Museums are important warehouses of baseline biodiversity data because of their long history of collecting, recording, and storing specimens. MaPSTeDI researchers used Esri's suite of ArcGIS tools, including ArcGIS Desktop (ArcInfo), ArcSDE, and ArcIMS, to create an online mapping application to visualize, explore, and analyze biodiversity data from the three partner institutions. Esri's software was selected over other vendors and open source alternatives because it was able to meet a wide range of institutional needs and because of Esri's ongoing product development plans.
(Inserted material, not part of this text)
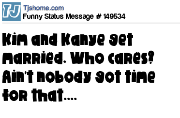 X says Kim and Kanye get married. Who cares? Ain't nobody got time for that....
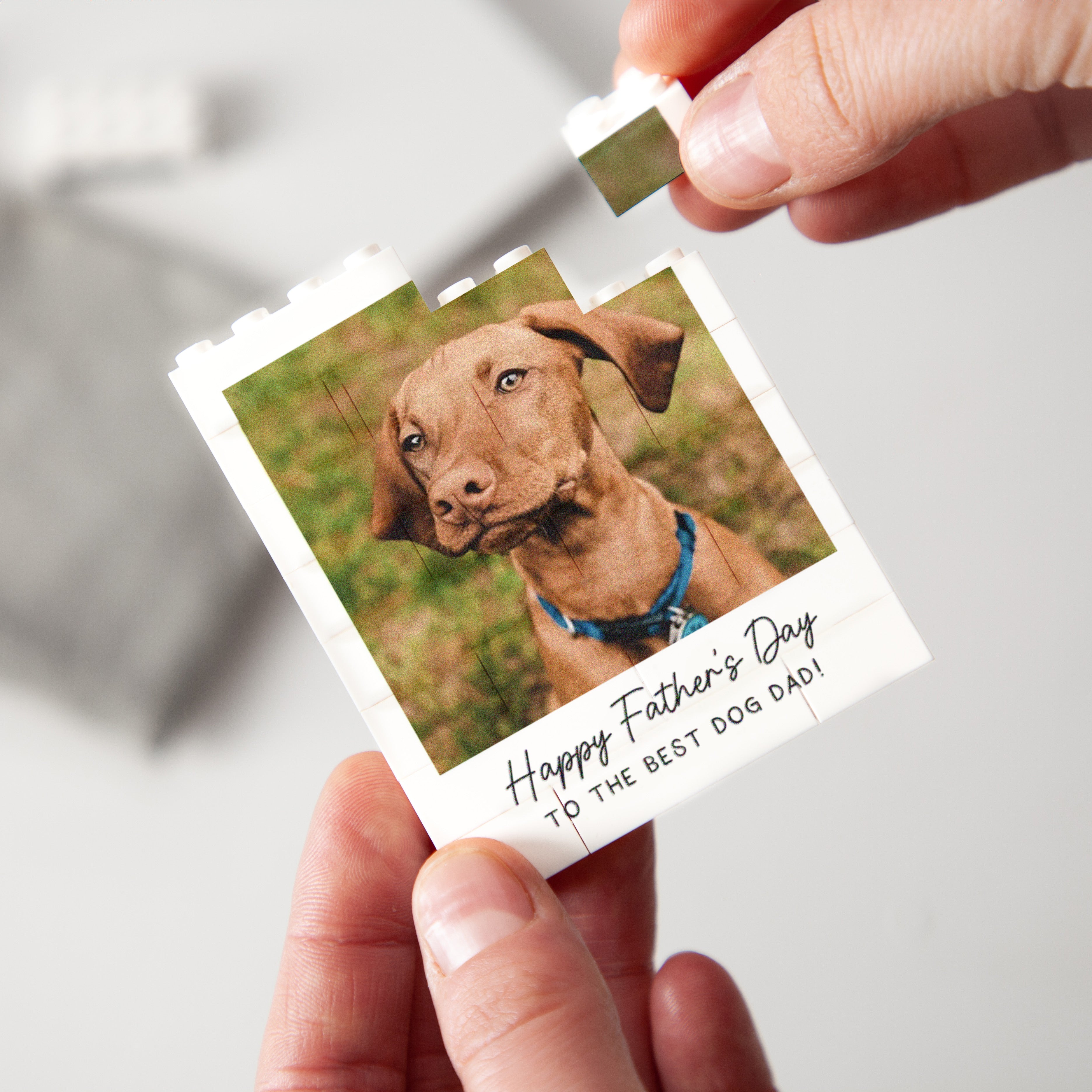 A personalised building block that is the perfect Father's Day gift from the dog. With a custom photo design, this building block makes a great, Father's Day or birthday gift.

To make MaPSTeDI data available, a number of steps were required to compile the natural history collections' data sources and formats into a common data model that could be accessed across distributed servers. These steps included georeferencing the natural history collections data, converting the collections data from a variety of database formats and data models into a standard geodatabase based on a common coordinate system and datum, and developing an Internet-based mapping application to access the data in a distributed architecture.
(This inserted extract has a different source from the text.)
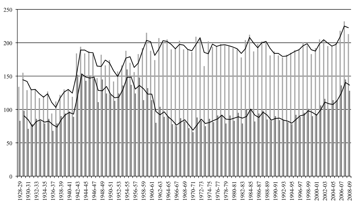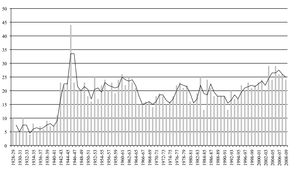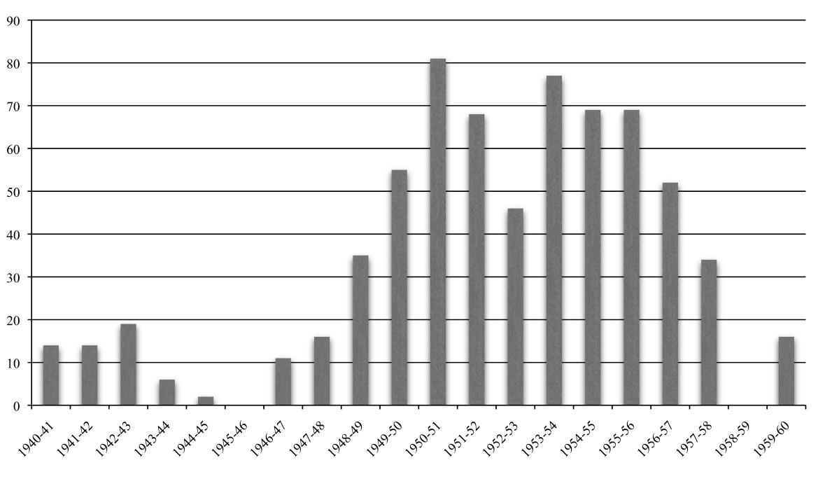 An important conclusion has to do with the frequency of a program's repetition. Sometimes the same program is performed on more than one concerts. The repetition frequency of the programs, vary by season. There are two distinct periods regarding the repetition frequency of the programs: the first period is until the 1957-1958 season and the second from that season up to our time. It is evident that in the first period the repetition frequency of the same program is less comparing with the second, where we observe an "industrialization of production." The fact that the change occurred at the same time with the termination of Mitropoulos direction, might not be irrelevant. The narrow "path" observed in the period 1939-1945 is due to the large number of guest conductors, which was discussed earlier; as expected, the programs of guest conductors had a small number of repetitions. It seems that during the Mitropoulos direction, emphasis was given in presenting original programs.

While most researchers today are often equipped with a GPS unit and record geospatial coordinates while collecting specimens in the field, this is not typically the case with historical collections data. In the majority of cases, historical collections data needs to have geospatial coordinates assigned based on descriptive location information provided with the record. The process of assigning coordinates to historical collections data is called retrospective georeferencing. For the MaPSTeDI project, a team of undergraduate and graduate students worked diligently to locate these historical records using the U.S. Geological Survey (USGS) Geographic Names Information System and National Geographic's TOPO! map software.

Once the data was georeferenced, the next step was to load the data into a geodatabase. The geodatabase used in MaPSTeDI is based on the Darwin Core version 2 data model that was jointly developed by the Biodiversity Informatics Research Center at the University of Kansas and the Museum of Vertebrate Zoology at University of California, Berkeley. A data conversion application was written using ArcGIS Desktop and Visual Basic for Applications. This program converted the collections data from comma-delimited text files and loaded the data into a geodatabase in ArcSDE using a consistent geographic reference system and datum.

Next, an online mapping application was developed using Java and ArcIMS. The online mapping site, called GeoMuse (www.geomuse.org), provides a portal to tens of thousands of specimen data collected over the last 150 years. Data from the University of Colorado Museum and the Denver Botanic Gardens is stored in a local ArcSDE database, while data from the Denver Museum of Nature and Science is retrieved in real time from an ArcIMS server. In addition to traditional online mapping functionality, GeoMuse provides users with the ability to generate a wide variety of reports; download the data as Esri shapefiles, Xcel spreadsheets, or text files; analyze the data by generating distance matrixes between selected points; and access species abundance values across the landscape.

By providing greater access to natural history collections data, MaPSTeDI provides the public, researchers, and nongovernmental organizations with a new data resource useful for biodiversity research and land management planning.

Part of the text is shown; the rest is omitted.